United States District Court, D. Maine

April 8, 2015

STANLEY FOGG and HELEN FOGG, Plaintiffs.
v.
OCWEN LOAN SERVICING, LLC, Defendant.

MEMORANDUM DECISION AND ORDER ON MOTION TO AMEND

JOHN H. RICH, III, Magistrate Judge.

Plaintiffs Stanley and Helen Fogg ("the Foggs") seek to amend their complaint to set forth additional facts, add two parties, Bank of New York Mellon ("Mellon Bank") and Bank of America, N.A. ("Bank of America"), and add claims for (i) violation of the Maine Consumer Credit Code, 9-A M.R.S.A. §§ 9-403(F)-(G), against all defendants, (ii) violation of the Maine Unfair Trade Practices Act ("UTPA"), 5 M.R.S.A. § 205-A et seq., against defendants Ocwen Loan Servicing, LLC ("Ocwen") and Mellon Bank, (iii) negligence, against all defendants, and (iv) intentional and/or negligent infliction of emotional distress, against all defendants. See generally Plaintiffs' Motion To Amend Complaint ("Motion") (ECF No. 16); [Proposed] First Amended Complaint ("Proposed Complaint"), Exh. 1 (ECF No. 16-1) thereto.

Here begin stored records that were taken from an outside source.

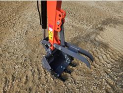 Open station, 420cc gas engine, 16 inch dig bucket, manual thumb, 32 inch stick, backfill blade, 7 inch rubber tracks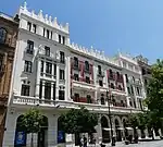 A la derecha de la avenida, en el ensanche denominado calle Adolfo Rodríguez Jurado, en el cruce con Santo Tomás, se encuentra una buena representación de la arquitectura moderna en el edificio de viviendas realizado en 1935-36 por el arquitecto José Galnares Sagastizabal para el conde de Ybarra, de estilo asociado a la arquitectura del Movimiento Moderno racionalista y que está inscrito en el Catálogo General del Patrimonio Histërico Andaluz, con carácter genàrico colectivo.[11] A continuación se encuentra el antiguo Teatro Coliseo España, actual sede de la Delegación de Economía y Hacienda de la Junta de Andalucía, proyecto de los arquitectos José y Aurelio Gómez Millán del año 1925.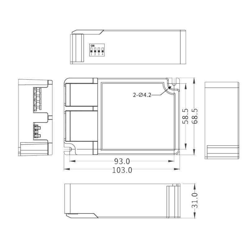 - Dimensioni: 103x68,5x31 mm (LxBxH)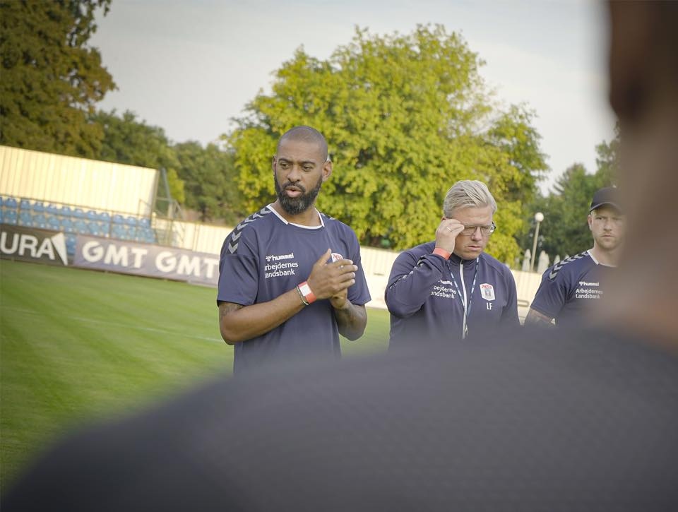 Trener David Nielsen (levo) daje navodila svojim nogometašem. Foto: facebook AGF Aarhus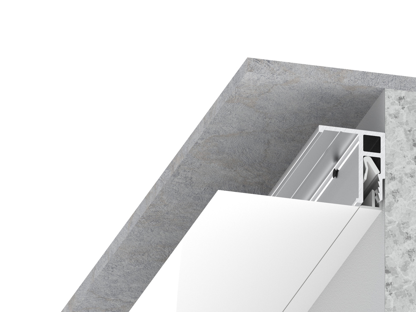 Light, invisible, universal profile. An excellent profile for creating curved (wave) and circular elements on ceilings and walls. The profile frame is aesthetically hidden behind the tensioning material.

Ocwen does not object to amending the complaint to add the Foggs' proposed supplemental facts and the exhibits referenced therein, but argues that the Motion should otherwise be denied on the basis that three of the four proposed new claims - those seeking redress for UTPA violations, negligence, and intentional/negligent infliction of emotional distress - are futile. See Opposition of Defendant Ocwen Loan Servicing, LLC to Plaintiffs' Motion To Amend and Request for Hearing ("Opposition") (ECF No. 17). It also challenges the addition of new parties. See id. at 1-2. I granted Ocwen's request for a hearing, see ECF Nos. 18, 21, which was held on March 27, 2015.[1] With the benefit of that hearing, I grant the Motion insofar as it seeks to add new facts, two new parties, and a Maine Consumer Credit Code claim against all defendants, and otherwise deny it. I also direct the plaintiffs to file on the docket, no later than April 15, 2015, an amended complaint consistent herewith.[2]

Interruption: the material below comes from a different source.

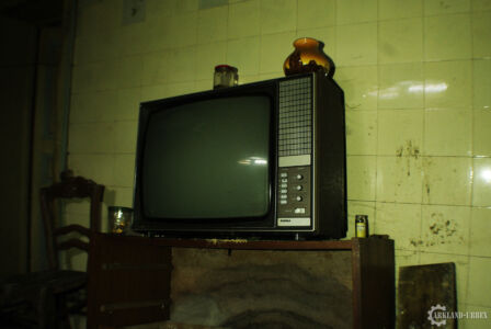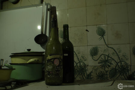 La suite se poursuit par l’intérieur de la maison, qui fait, dans un premier temps, une assez mauvaise impression, à la vue du nombre d’objet éparpillés un peu partout. Cependant, quelques uns étaient mis en valeur, comme les télévisions, les différentes bouteilles, ou livres, dont une bible assez flippante… L’utilisation de la lampe torche m’a beaucoup aidé car toute la maison est plongée dans le noir complet avec très peu de sources de lumière (pas l’idéal pour les photos des détails). La première pièce étant la cuisine, facilement reconnaissable avec tous les meubles encore présents, celle de droite devait être la salle à manger, assez grande et peuplée de divers bocaux à l’aspect étrange et dégueulasse; plusieurs tableaux, bibelots et autres curiosités étaient présents, dont une magnifique machine à coudre d’antan. La pièce à gauche de la cuisine n’a pas réservé autant de surprise, en vrac total, elle n’avait aucun potentiel photogénique… L’étage et le sous-sol étaient d’ailleurs inaccessibles, l’un inondé et l’autre ne possédant pas d’accès (escaliers écroulés)…

I. Applicable Legal Standards

Pursuant to Federal Rule of Civil Procedure 15(a)(2), "[t]he court should freely give leave [to amend a pleading] when justice so requires." Fed.R.Civ.P. 15(a)(2). Leave to amend should be granted in the absence of reasons "such as undue delay, bad faith or dilatory motive on the part of the movant, repeated failure to cure deficiencies by amendments previously allowed, undue prejudice to the opposing party by virtue of allowance of the amendment, futility of amendment, etc" Foman v. Davis, 371 U.S. 178, 182 (1962).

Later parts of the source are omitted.